** Records to use **
******************************

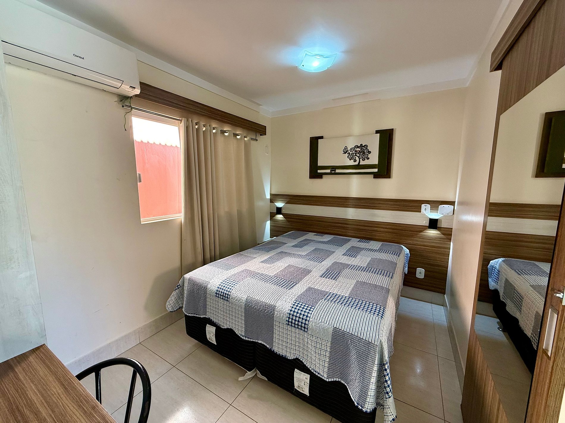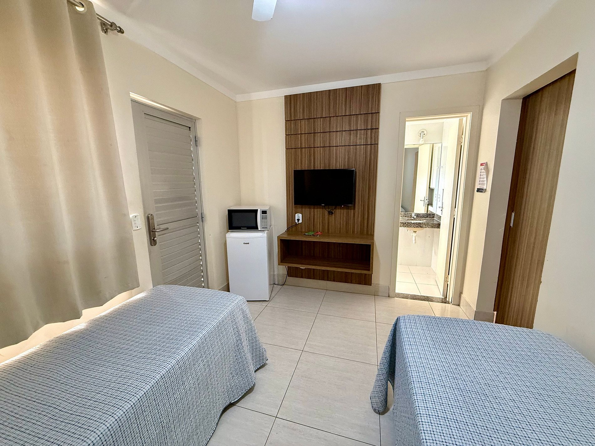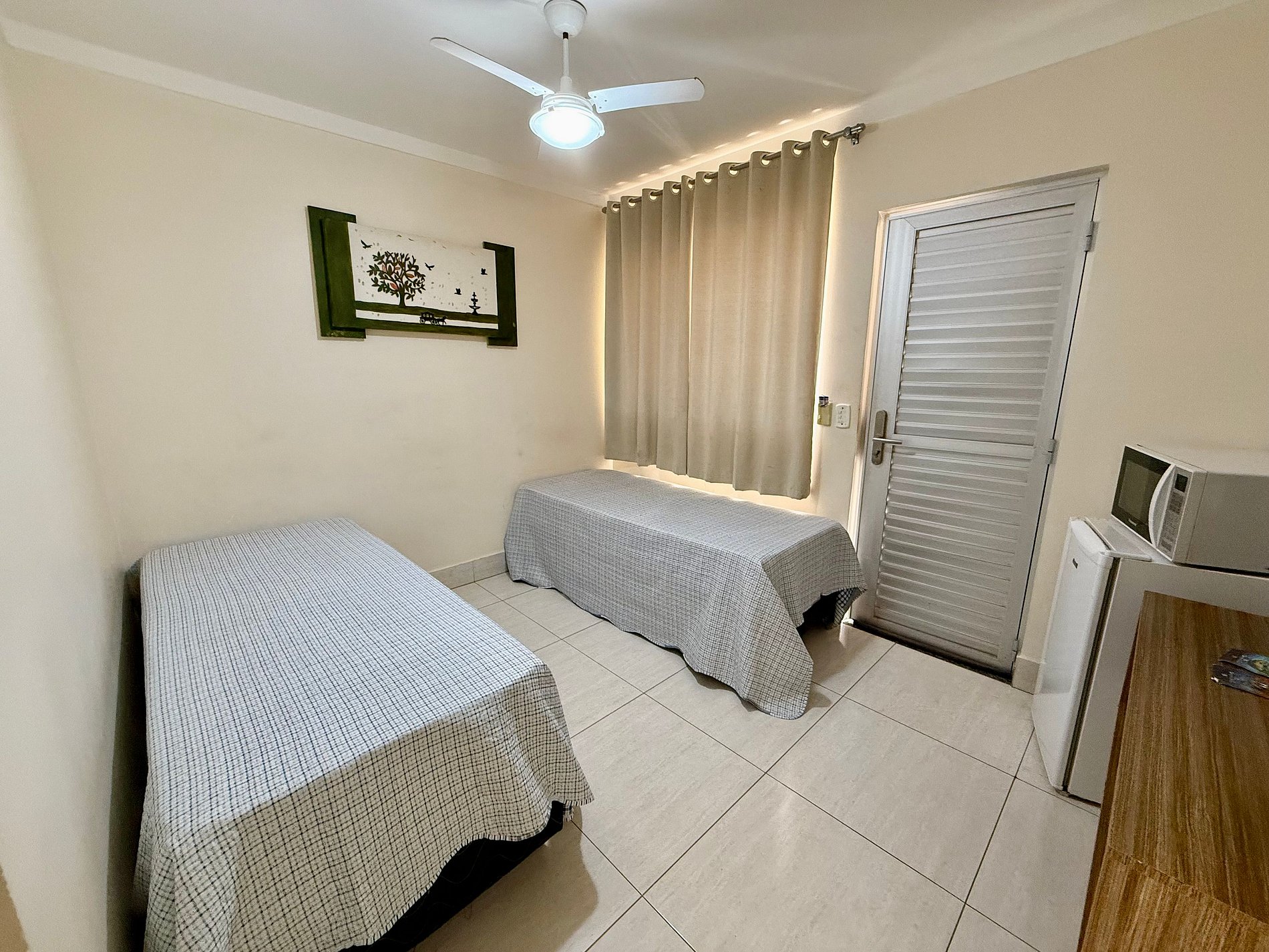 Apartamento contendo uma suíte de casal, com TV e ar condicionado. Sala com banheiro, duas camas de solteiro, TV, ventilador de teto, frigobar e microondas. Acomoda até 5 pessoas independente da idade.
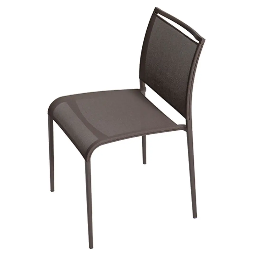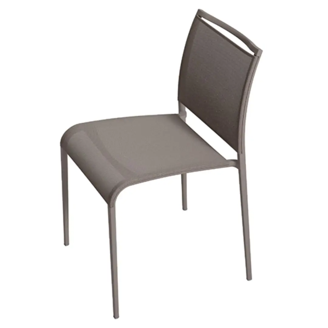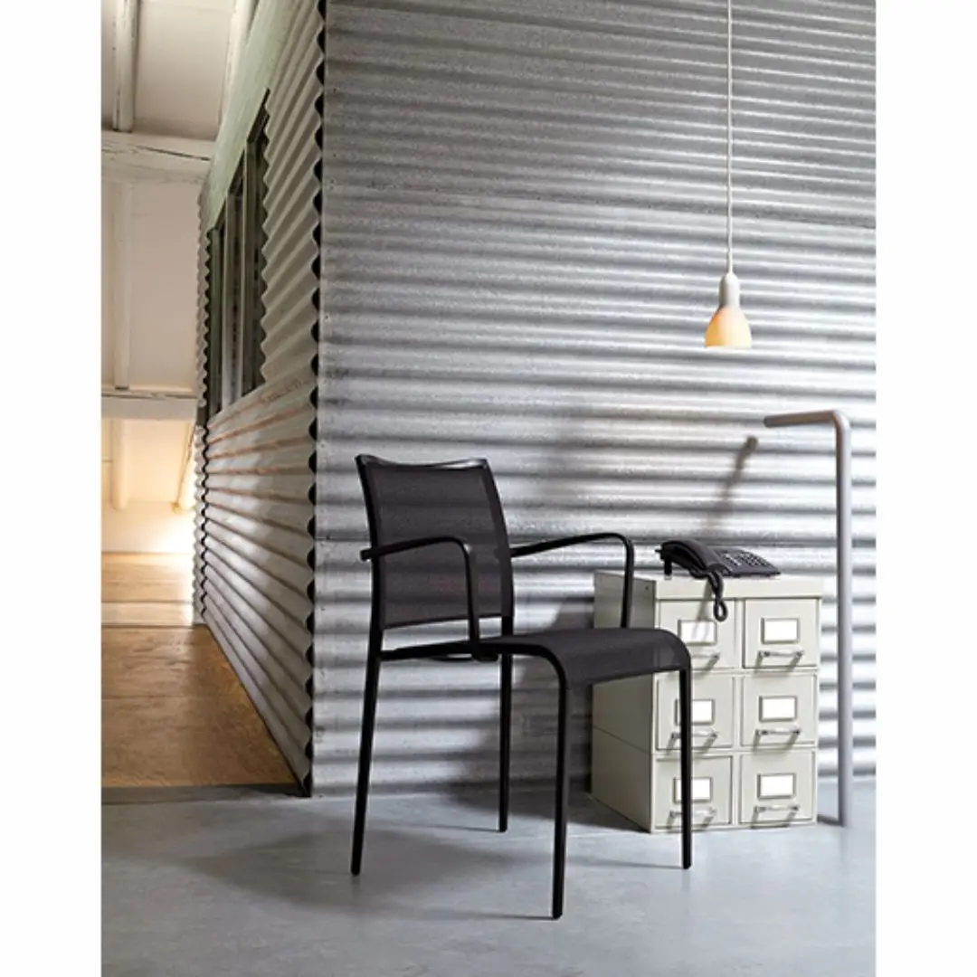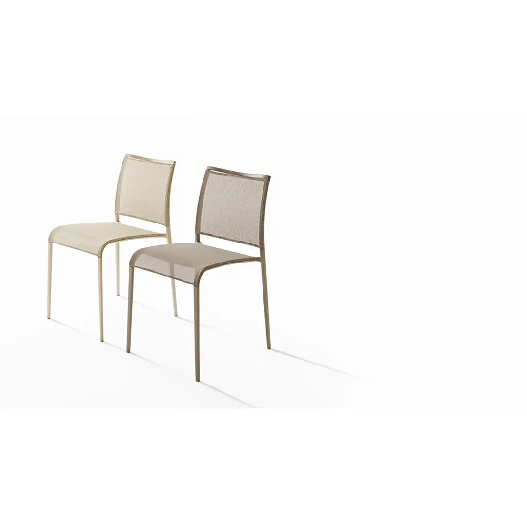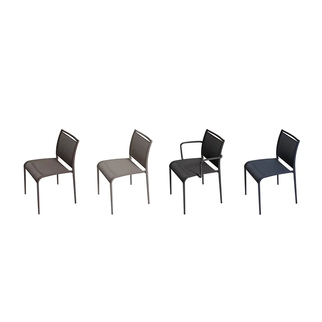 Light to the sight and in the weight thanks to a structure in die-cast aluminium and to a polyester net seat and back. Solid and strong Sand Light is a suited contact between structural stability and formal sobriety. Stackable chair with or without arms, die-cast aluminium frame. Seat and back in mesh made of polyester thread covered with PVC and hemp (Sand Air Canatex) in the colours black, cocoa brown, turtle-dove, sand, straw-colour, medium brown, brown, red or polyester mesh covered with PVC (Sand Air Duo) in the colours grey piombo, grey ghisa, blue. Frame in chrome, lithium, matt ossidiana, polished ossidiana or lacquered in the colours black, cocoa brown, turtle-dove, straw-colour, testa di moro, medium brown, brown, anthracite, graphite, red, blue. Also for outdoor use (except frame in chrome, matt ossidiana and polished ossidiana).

******************************

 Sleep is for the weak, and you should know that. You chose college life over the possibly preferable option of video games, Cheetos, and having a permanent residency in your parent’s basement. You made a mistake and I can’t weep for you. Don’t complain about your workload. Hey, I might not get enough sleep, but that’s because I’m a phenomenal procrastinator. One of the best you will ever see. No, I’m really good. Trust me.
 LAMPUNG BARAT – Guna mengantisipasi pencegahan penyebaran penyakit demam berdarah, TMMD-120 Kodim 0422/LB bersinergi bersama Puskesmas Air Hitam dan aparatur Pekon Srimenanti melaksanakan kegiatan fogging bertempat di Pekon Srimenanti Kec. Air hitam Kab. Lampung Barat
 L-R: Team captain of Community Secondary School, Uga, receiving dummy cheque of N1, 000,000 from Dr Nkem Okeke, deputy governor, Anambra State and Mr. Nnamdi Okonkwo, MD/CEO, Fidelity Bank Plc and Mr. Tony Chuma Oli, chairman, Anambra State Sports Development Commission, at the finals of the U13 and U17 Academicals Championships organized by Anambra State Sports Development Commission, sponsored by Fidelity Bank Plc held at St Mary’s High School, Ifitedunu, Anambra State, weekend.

******************************

** Task requirements **
Word for word, retype the lines in the entries above that run from the one with "Apartamento contendo uma" through the one with "Light to the". Both ends count; pictures do not.

** Exercise response **
 Apartamento contendo uma suíte de casal, com TV e ar condicionado. Sala com banheiro, duas camas de solteiro, TV, ventilador de teto, frigobar e microondas. Acomoda até 5 pessoas independente da idade.
 Light to the sight and in the weight thanks to a structure in die-cast aluminium and to a polyester net seat and back. Solid and strong Sand Light is a suited contact between structural stability and formal sobriety. Stackable chair with or without arms, die-cast aluminium frame. Seat and back in mesh made of polyester thread covered with PVC and hemp (Sand Air Canatex) in the colours black, cocoa brown, turtle-dove, sand, straw-colour, medium brown, brown, red or polyester mesh covered with PVC (Sand Air Duo) in the colours grey piombo, grey ghisa, blue. Frame in chrome, lithium, matt ossidiana, polished ossidiana or lacquered in the colours black, cocoa brown, turtle-dove, straw-colour, testa di moro, medium brown, brown, anthracite, graphite, red, blue. Also for outdoor use (except frame in chrome, matt ossidiana and polished ossidiana).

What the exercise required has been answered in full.